In politics, by chance
Constituency: Sonepat, Party: BJP
(Saumya Khandelwal/HT PhotoIn October 2009, the Haryana unit of the BJP dropped its candidate from the Sonepat assembly constituency, Rajiv Jain, for the state assembly elections as a case against him relating to disproportionate income was pending in the Punjab and Haryana High Court. Jain, who was also the spokesman of the party's state unit, was replaced by his wife, Kavita Jain. She won that election and the latest one, the result of which was declared last Sunday.
In a war between two dynasties in patriarchal Haryana, a woman has emerged as the big slayer. Prem Lata defeated the scion of the Chautala family, Dushyant Chautala, from Uchana Kalan, a seat held by her husband Birender Singh for four terms before switching loyalty from the Congress to the BJP. Being older to Dushyant by 38 years, makes her "more politically experienced", she says.
"A wife does not inherit the political legacy as a blood relation but her foray into politics happens on the same day as her husband," she says. "She is the woman behind the man. She manages the back-stage. During the floods in Uchana, I would go to homes of victims with doctors and medicines. Had the BJP given the ticket to my son or daughter, who are blood relations of my husband, it could be called dynastic politics but a wife getting the ticket cannot be so bracketed." Daughter of an army officer and a graduate from Pilani in Rajasthan, Prem Lata says more women MLAs are a necessity in a state like Haryana which is still in the grip of patriarchy and where the social and economic status of women are "abysmally low".

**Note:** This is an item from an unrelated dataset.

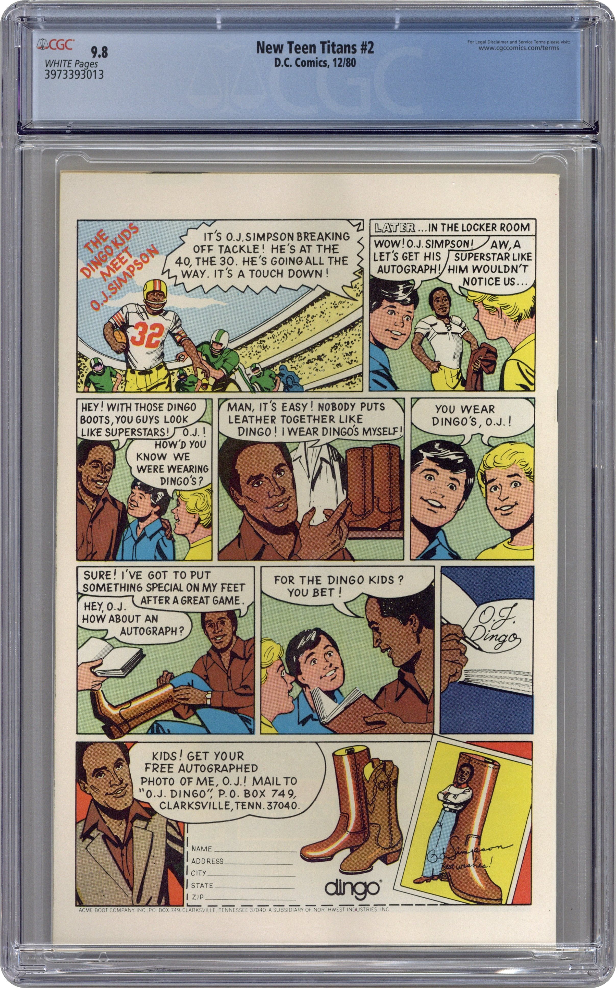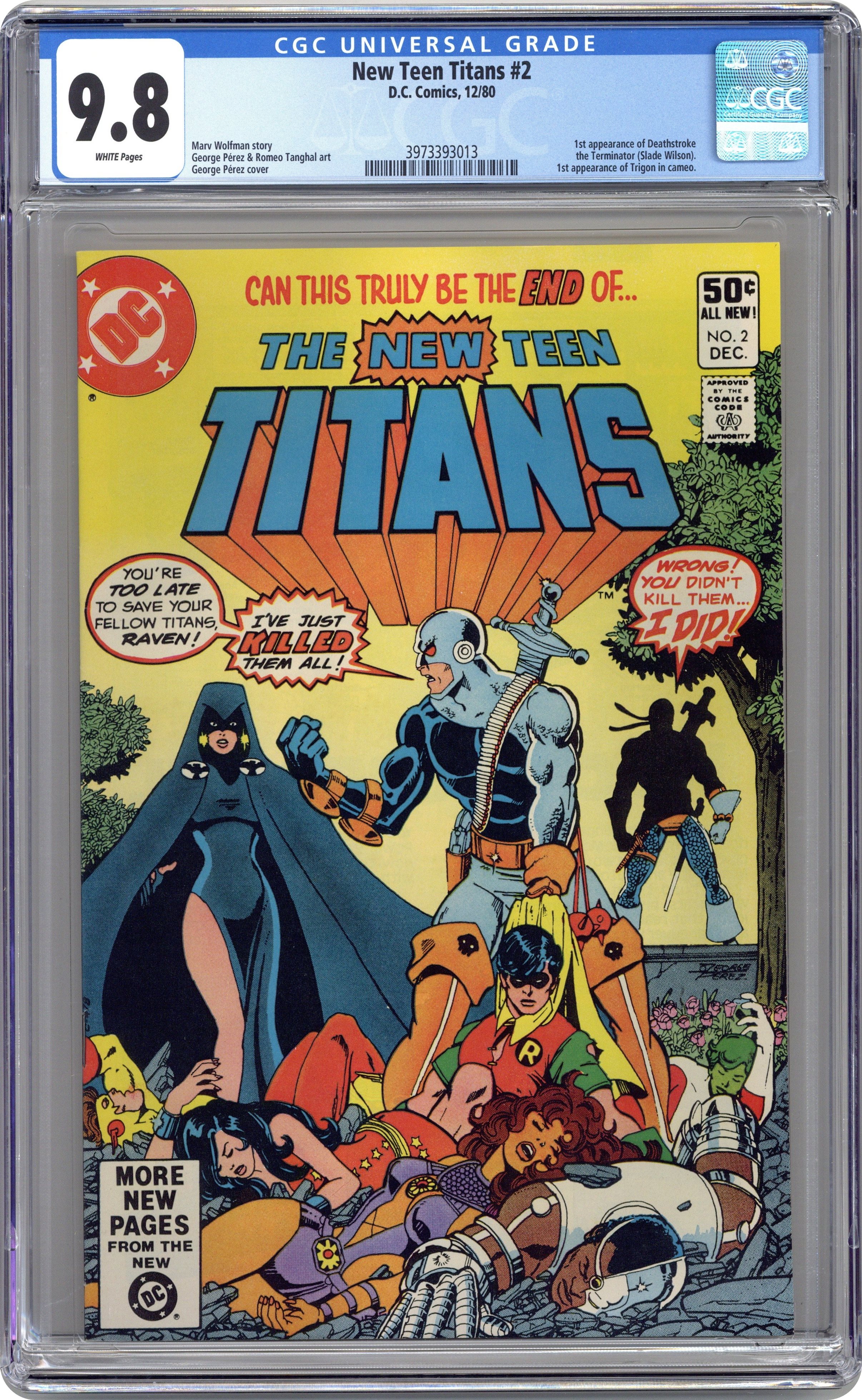 Direct Edition. First appearance of Deathstroke the Terminator in "Today...the Terminator!" Characters: Teen Titans [Robin; Kid Flash; Wonder Girl; Cyborg; Starfire; Raven; Changeling]; The Terminator [Slade Wilson] (1st; Later Deathstroke); The Ravager [Grant Wilson] (Intro; Death); Wintergreen (Intro); HIVE. Script by Marv Wolfman, with art by George Perez and Romeo Tanghal. Plus: an article by Marv Wolfman on the revival of the Teen Titans. Cover by George Perez. Cover price $0.50. Grade: CGC 9.8 explanation of grade Condition: Used (collectible)

"Many women in Haryana still are in purdah (veil). How can male politicians meet them or be their voice? If there are crimes against women, do men raise the matter in the state assembly? There are no toilets at home for them and no facilities at workplaces. There should be women MLAs to speak for women," she says.
Prem Lata may belong to one of Haryana's powerful political families but political lineage alone does not win elections, she stresses. "Education is changing mindsets and there is more acceptability for women politicians now. We will not let daughters be killed in the womb either under pressure from the mother-in-law or the husband," she adds.